Le choix d'un gris satiné, refusant tout compromis avec la lumière, propice à l'éclosion des arêtes et des angles vifs, gris sans arrière pensée de couleur, florentin dans sa monochromie linéale, aux antipodes des chatoiements vénitiens, trahit plutôt qu'il ne dévoile le biais proprement botulien de la performance. On se souvient en effet que Botul dénonçait le diktat du visuel dans l'art, auquel il préférait le tactile, notamment le tripotage.

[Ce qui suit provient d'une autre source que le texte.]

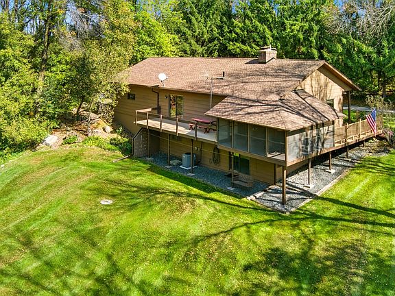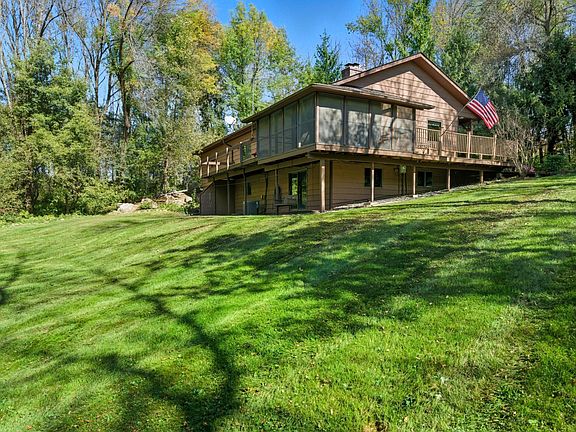 Do not miss out on this nice 3-bedroom, 2-bath home situated on a very private and picturesque wooded 5 acres! The house features a beautiful 2-sided wood-burning stone fireplace on the main level with an additional wood-burning fireplace on the walk-out lower level, a separate formal dining room, Andersen Windows, ample storage on the lower level and a primary main floor bedroom with dual closets that also has a sliding glass door that leads out to a deck. The kitchen has custom oak cabinets with roll out shelving, an appliance garage, two built-in cutting boards and 2 Lazy Susans. When it is time to relax outside, the home provides ample opportunity with two decks and a large 16 X 15 screened-in porch where you can enjoy the peaceful views and wildlife. If it is storage or a large workshop that you are looking for this property has you covered with a 32 X 28 outbuilding that features a concrete floor, heater, and a 14 X 12 overhead door. The roof on the home was replaced in 2022 with a warranty that is transferable to the new owner. Conveniently located just minutes from I-94 this would be a wonderful place to call home!
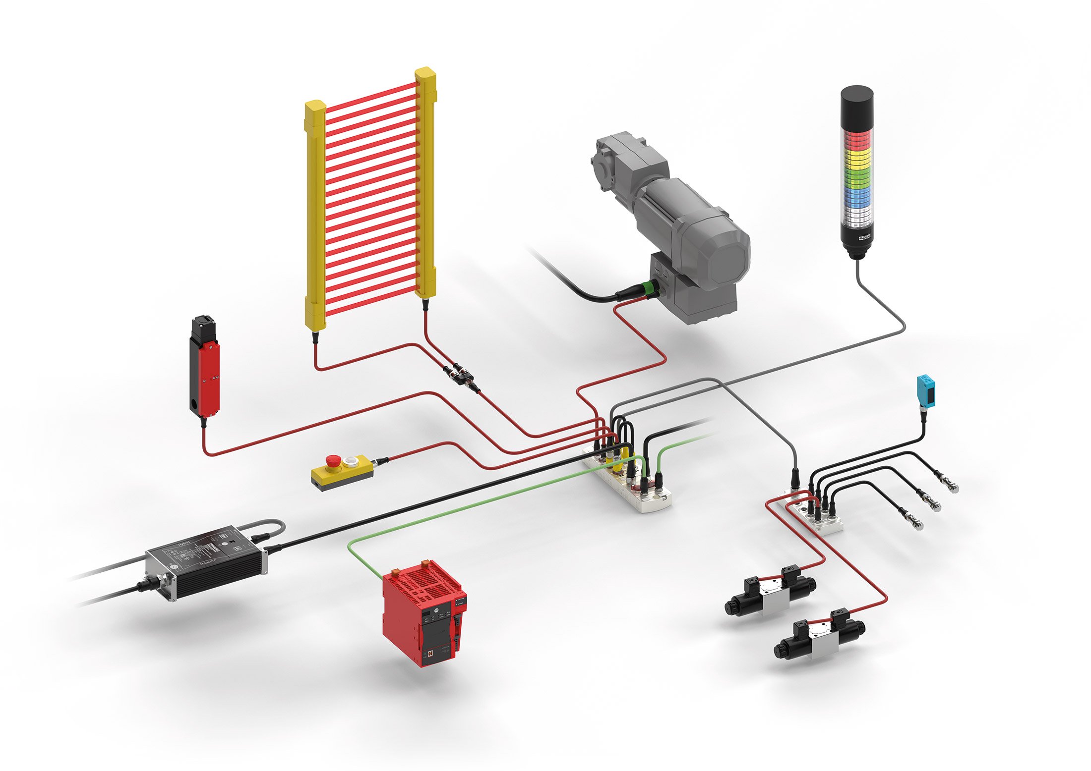 Il funzionamento di molti dispositivi, come il pulsante di emergenza con il ripristino o gli interblocchi di sicurezza, richiede una combinazione di segnali di sicurezza e standard.
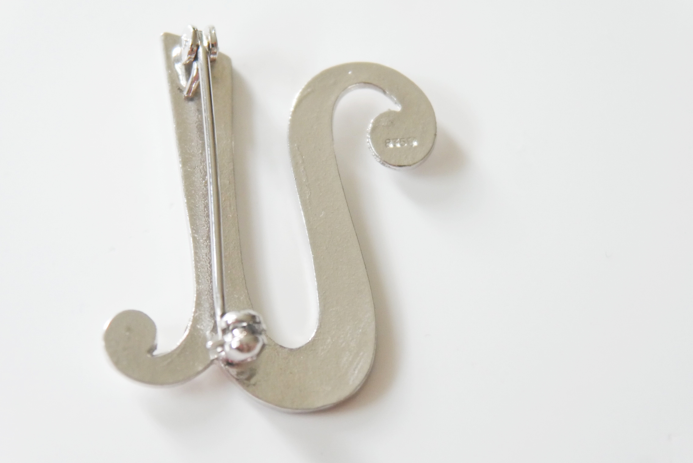 Eine schöne Second-Hand Vintage Brosche mit dem Buchstaben U neuwertig und fein zisiliert aus Silber mit Punze 83 und einem unbekannten Zeichen.
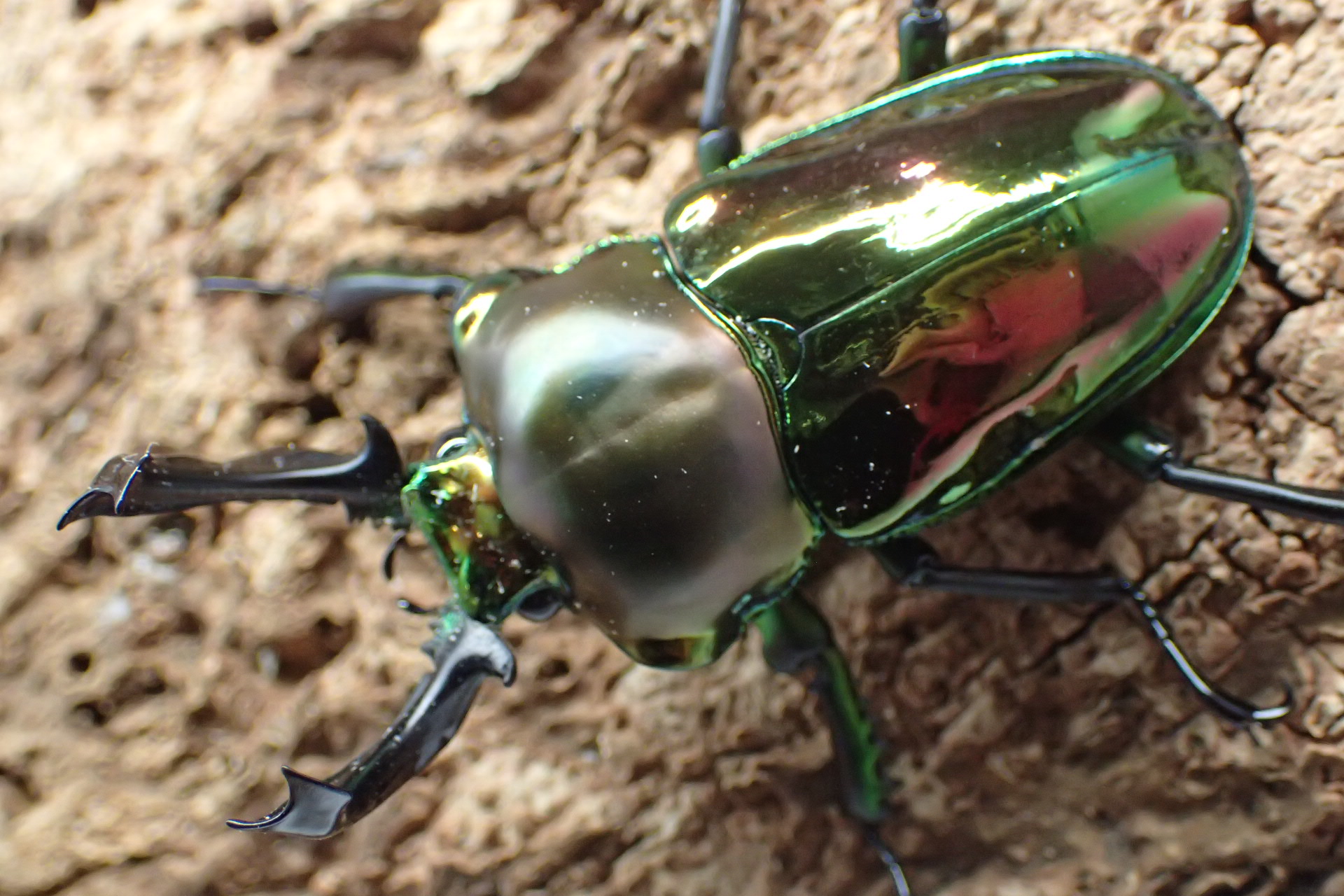 「世界で最も美しいクワガタ」として有名で、上翅には覗き込んだ自分の顔が映るほどの鏡のような強い金属光沢があり、赤や緑が入り混じる型から、緑色が強い型、赤色が強い個体など色彩変異があります。

Le gris, ici, n'est pas un compromis entre le noir et le blanc, c'est une quiddité, une absence, une façon de faire disparaître la surface au profit des volumes, des formes, dont l'appréhension peut passer par la vue, certes, mais aussi et surtout par le toucher, sublimant une angularité qui renvoie à des expériences esthétiques à la marge, et pourtant universelles, telles que le choc frontal d'un tibia contre un coin de table, dont la prégnance nociceptive constitue le plus extrême exemple d'épiphanie sensorielle.

La seconde partie de la performance se déroule selon un plan dialectique au classicisme assumé  : si la thèse proclamait le triomphe (tragique en soi) du dur sur le visqueux, l'antithèse affirme l'incontournabilité de la mouïté par l'adjonction de coussins disposés selon une scénographie qui fait un clin d'oeil délibéré aux œuvres des hyper-réalistes américains : trois coussins à plat pour l'assise, trois coussins dressés pour le dossier. On comprend mieux désormais le titre de l'oeuvre : ''Le sofa à trois places''.




La synthèse, moment décisif (angulaire), coda (au sens où l'entend Bach) de l'oeuvre, voit l'artiste s'allonger sur le sofa. C'est le dispositif où se teste l'évidence : la mouïté des coussins ne s'exprime que grâce à la résistance que leur oppose le support peint en gris. Le dur n'est au fond que l'extension du domaine du mou, voire (et c'est sans doute la leçon de radicalité que nous donne l'artiste havrais) une des modalités de la mouïté. La synthèse résout avec élégance la contradiction dialectique sur laquelle Botul avait buté (3), en montrant que la collaboration entre les deux principes est bien la réponse radicale, révolutionnaire, à la tyrannie du visqueux.

L'exposition se tiendra à La Varangue entre le 18 et le 21 avril 2013.

(1)  La Métaphysique du mou, texte établi et annoté par Jacques Gaillardéd. Mille et une nuits, coll. « La Petite Collection », no 527, 109 p., Paris, 2007 (ISBN 978-2-75550-030-1)
(2)  Hans Michael BaumgartnerKants "Kritik der reinen Vernunft". Anleitung zur Lektüre. 6. Aufl. Alber, Freiburg/München 2006, ISBN 3-495-47638-5, pp. 34 et suivantes.
(3) Pour Botul (Métaphysique du mou, page à vérifier), si le dur est une modalité du mou, leur co-existence est impossible puisque le dur et le mou ne peuvent être que des modes successifs de l'étant. Pour O., les deux coexistent dans un rapport d'interpénétration mutuelle.